[[ Material for this exercise, beginning ]]

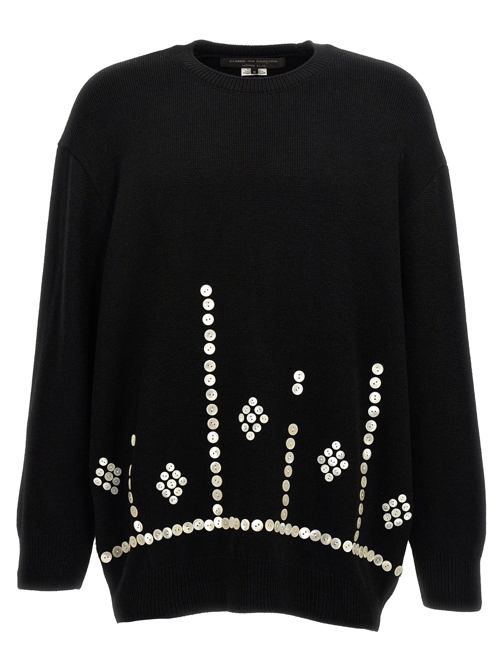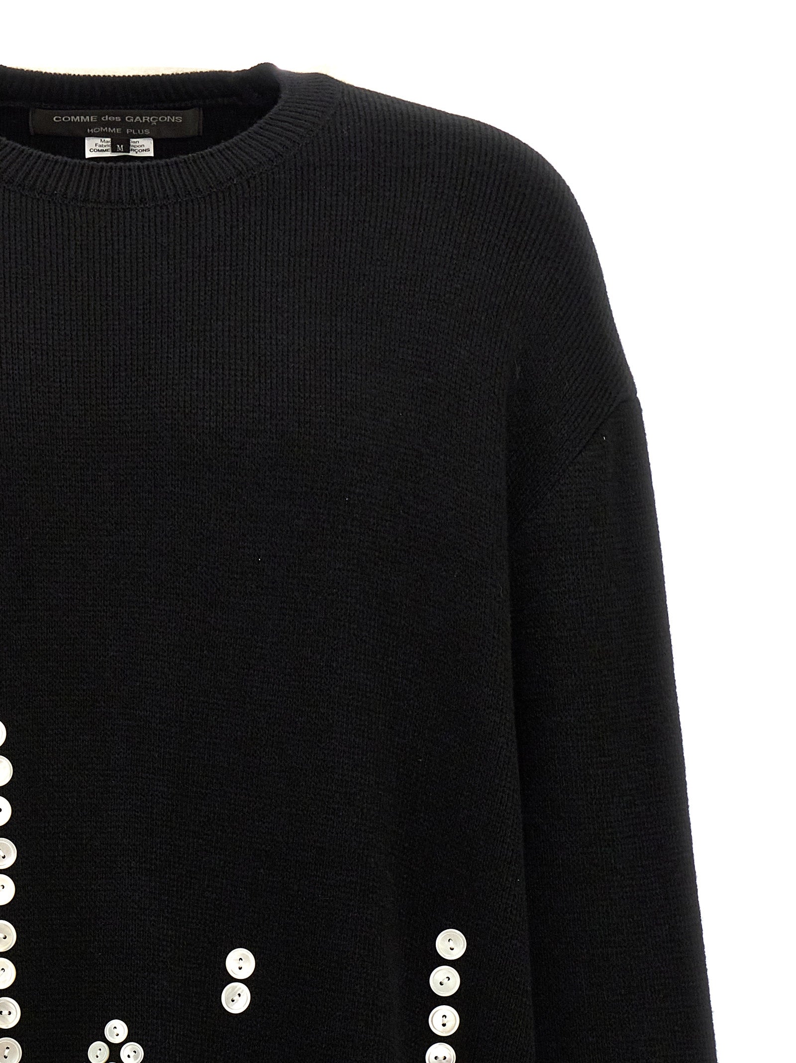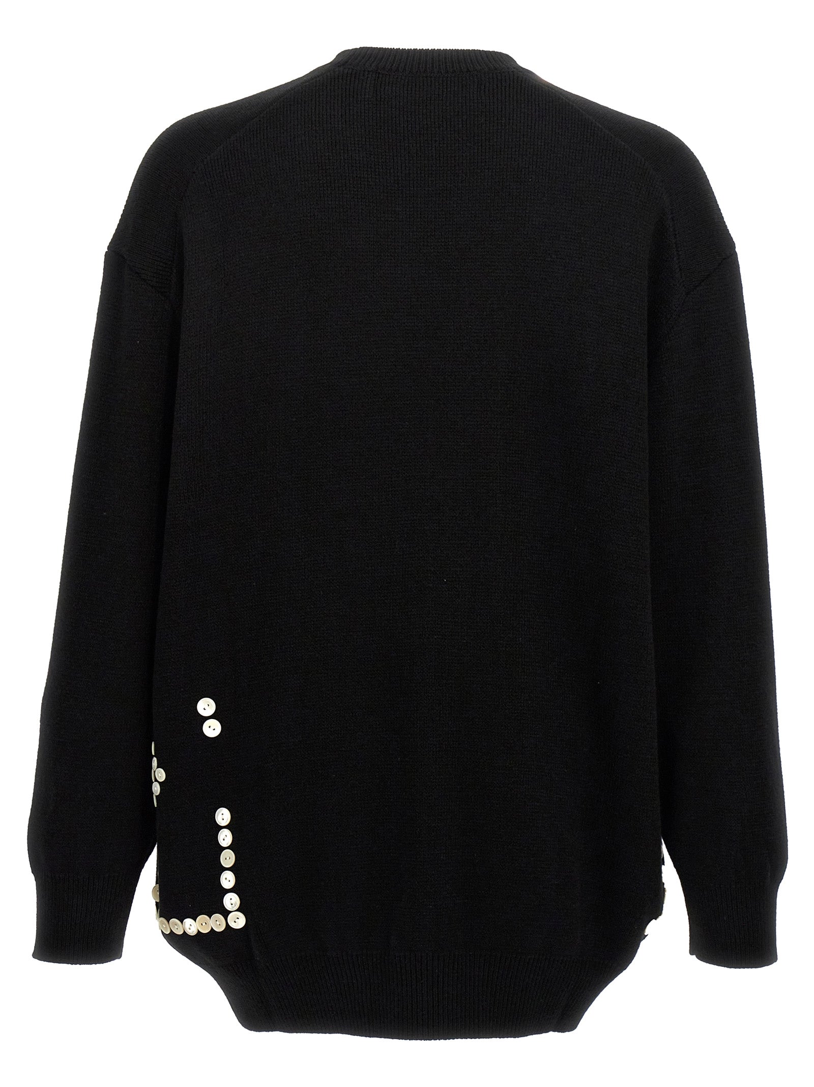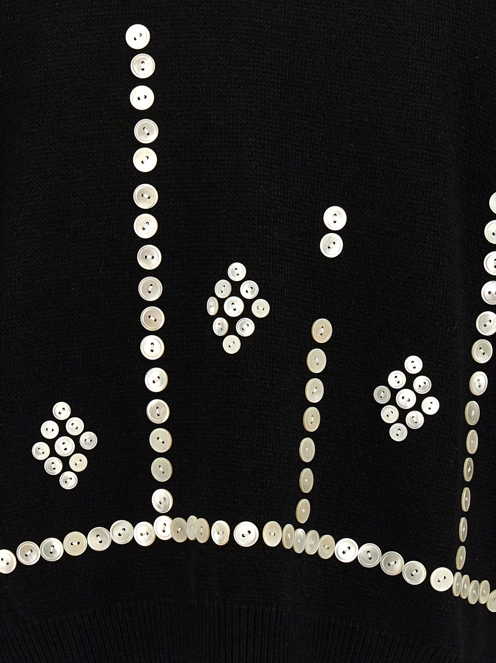 Maglione di miscela di lana con appliqué a bottone, collo dell'equipaggio, maniche a fanatico lungo.
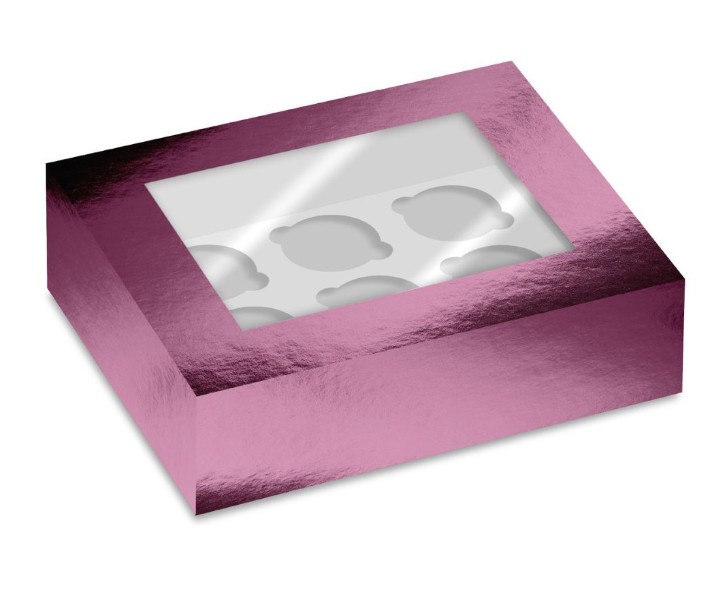 Cupcakes-boxar i rosa metallic med genomskinligt lock.
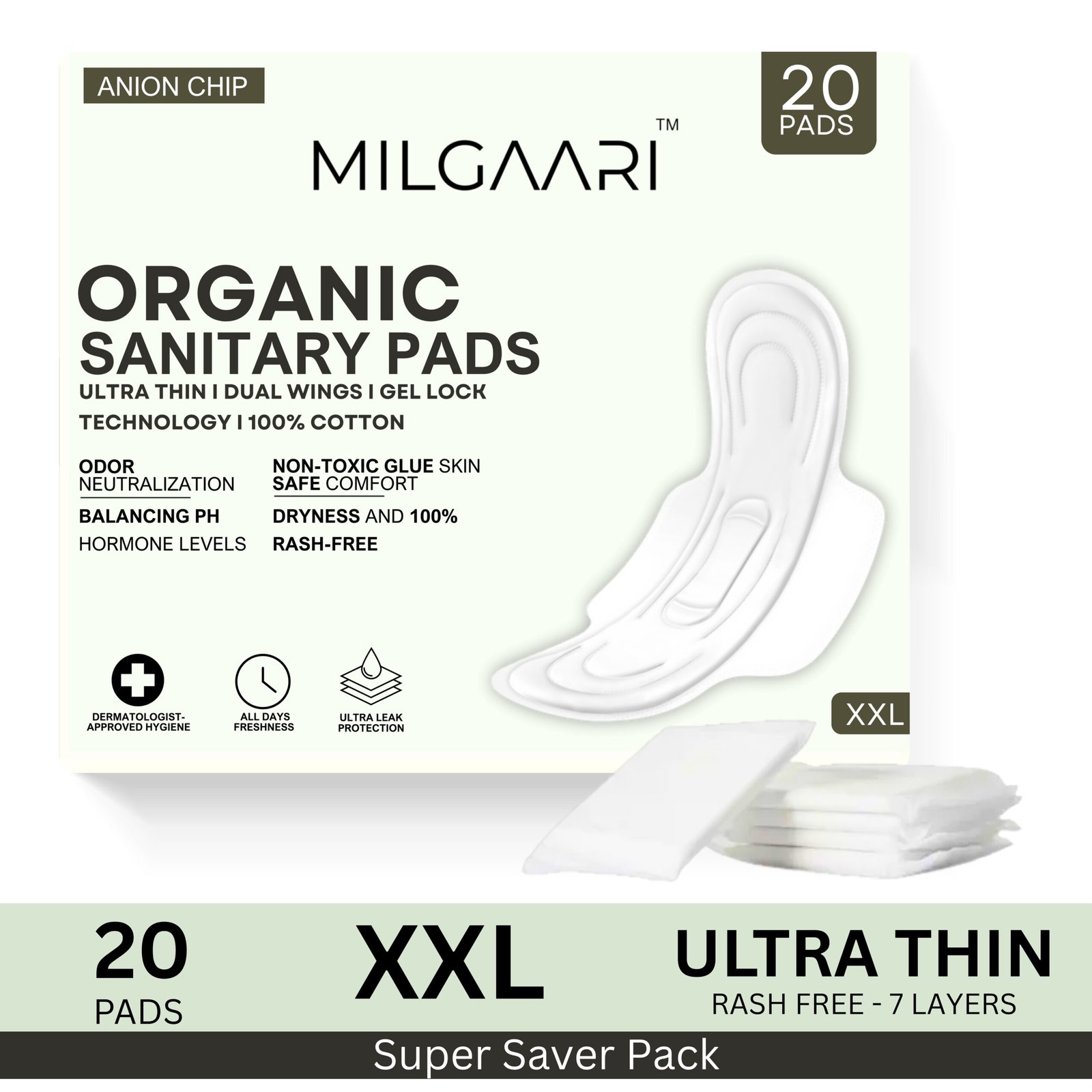 Rethink your routine! These Biodegradable Sanitary Pads are ultra-thin and feature Dual Wings and Gel Lock Technology for superior absorption. They provide Ultra Leak Protection and 100% Rash-Free Comfort with 100% Cotton. The built-in Anion Chip ensures odor neutralization and stops bacterial and fungal growth, promoting balanced pH and hormone levels with non-toxic, skin-safe comfort.
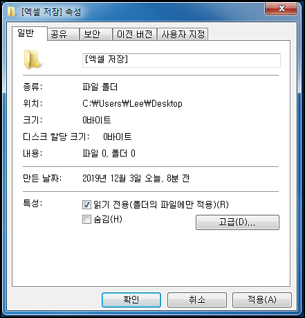 속성 하단에 특성 : 읽기 전용에 네모 표시의 체크 말고 체크 표시로 체크가 되어있다면 체크를 해제해줍니다. 엑셀 액세스할 수 없습니다의 저장 오류는 이렇게 간단하게 해결이 가능해요!
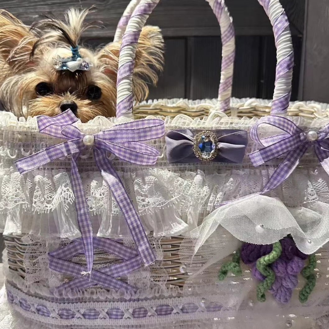 バッグのサイドには編み込み風のデザインと可愛い葡萄のモチーフをあしらい、細部にまでこだわったロマンティックな仕上がり。小型犬や猫ちゃんのお出かけにぴったりで、お写真映えも抜群です。
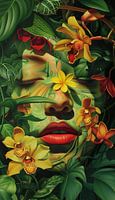 Prachtige vermenging van flora en portret, waarbij het gezicht van een vrouw naadloos opgaat in de weelderige achtergrond van tropische bloemen en bladeren. Het gezicht, centraal in de compositie, wordt gedeeltelijk verborgen door de rijke vegetatie, wat een gevoel van mysterie en eenheid met de natuur suggereert. De kleuren zijn…
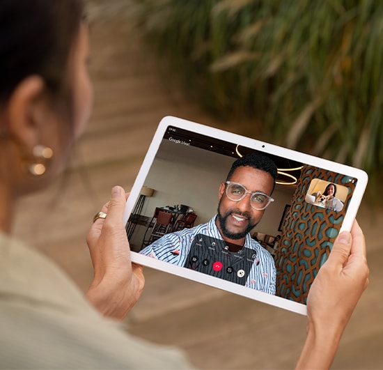 Ha videosamtaler i HD med Google Meet. Kameraet følger deg, slik at du kan bevege deg rundt i rommet uten å forsvinne ut av bildet. Google Tensor G2 bruker også AI til å gjøre deg mer synlig, selv i svakt lys.
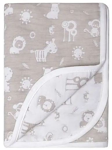 Это красивый и практичный аксессуар, который можно использовать и дома как одеяло, и для пеленания, и на прогулке. Натуральный хлопок Eco Soft Cotton по внешним сторонам пледа деликатно касается кожи ребенка, хорошо пропускает воздух и поддерживает комфортную температуру. Специальный способ создания узора без окрашивания — залог того, что цвет останется неизменным после многократных стирок.
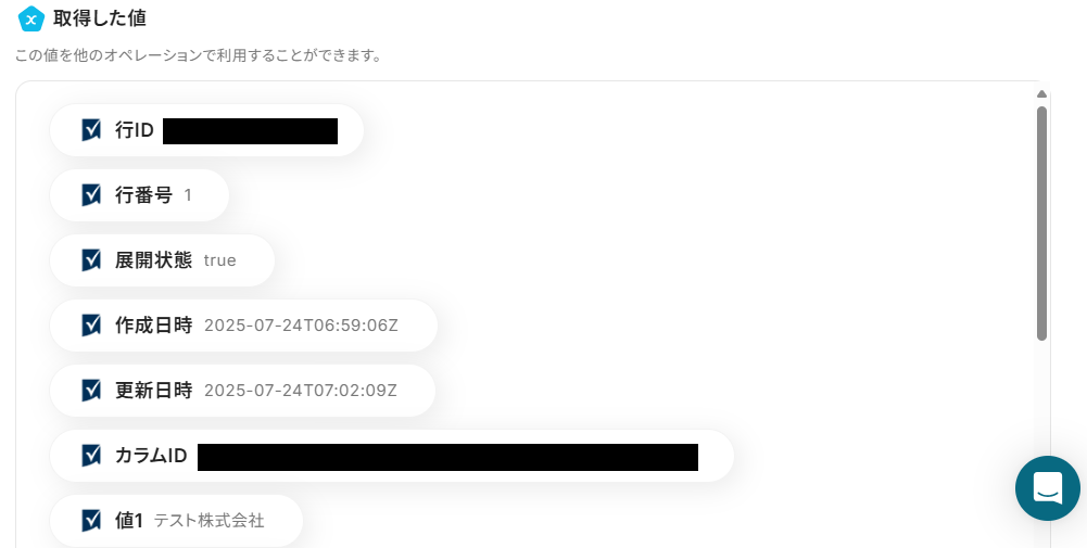 取得したアウトプットは、オペレーション設定時の値としてご利用いただくことができ、フローボットを起動する度に、変動した値となります。詳しくはこちらをご覧ください。

[[ Material for this exercise, end ]]

- What the task asks: The records are to be retyped in full and exactly, with no image carried over.

- Output for this task:
 Maglione di miscela di lana con appliqué a bottone, collo dell'equipaggio, maniche a fanatico lungo.
 Cupcakes-boxar i rosa metallic med genomskinligt lock.
 Rethink your routine! These Biodegradable Sanitary Pads are ultra-thin and feature Dual Wings and Gel Lock Technology for superior absorption. They provide Ultra Leak Protection and 100% Rash-Free Comfort with 100% Cotton. The built-in Anion Chip ensures odor neutralization and stops bacterial and fungal growth, promoting balanced pH and hormone levels with non-toxic, skin-safe comfort.
 속성 하단에 특성 : 읽기 전용에 네모 표시의 체크 말고 체크 표시로 체크가 되어있다면 체크를 해제해줍니다. 엑셀 액세스할 수 없습니다의 저장 오류는 이렇게 간단하게 해결이 가능해요!
 バッグのサイドには編み込み風のデザインと可愛い葡萄のモチーフをあしらい、細部にまでこだわったロマンティックな仕上がり。小型犬や猫ちゃんのお出かけにぴったりで、お写真映えも抜群です。
 Prachtige vermenging van flora en portret, waarbij het gezicht van een vrouw naadloos opgaat in de weelderige achtergrond van tropische bloemen en bladeren. Het gezicht, centraal in de compositie, wordt gedeeltelijk verborgen door de rijke vegetatie, wat een gevoel van mysterie en eenheid met de natuur suggereert. De kleuren zijn…
 Ha videosamtaler i HD med Google Meet. Kameraet følger deg, slik at du kan bevege deg rundt i rommet uten å forsvinne ut av bildet. Google Tensor G2 bruker også AI til å gjøre deg mer synlig, selv i svakt lys.
 Это красивый и практичный аксессуар, который можно использовать и дома как одеяло, и для пеленания, и на прогулке. Натуральный хлопок Eco Soft Cotton по внешним сторонам пледа деликатно касается кожи ребенка, хорошо пропускает воздух и поддерживает комфортную температуру. Специальный способ создания узора без окрашивания — залог того, что цвет останется неизменным после многократных стирок.
 取得したアウトプットは、オペレーション設定時の値としてご利用いただくことができ、フローボットを起動する度に、変動した値となります。詳しくはこちらをご覧ください。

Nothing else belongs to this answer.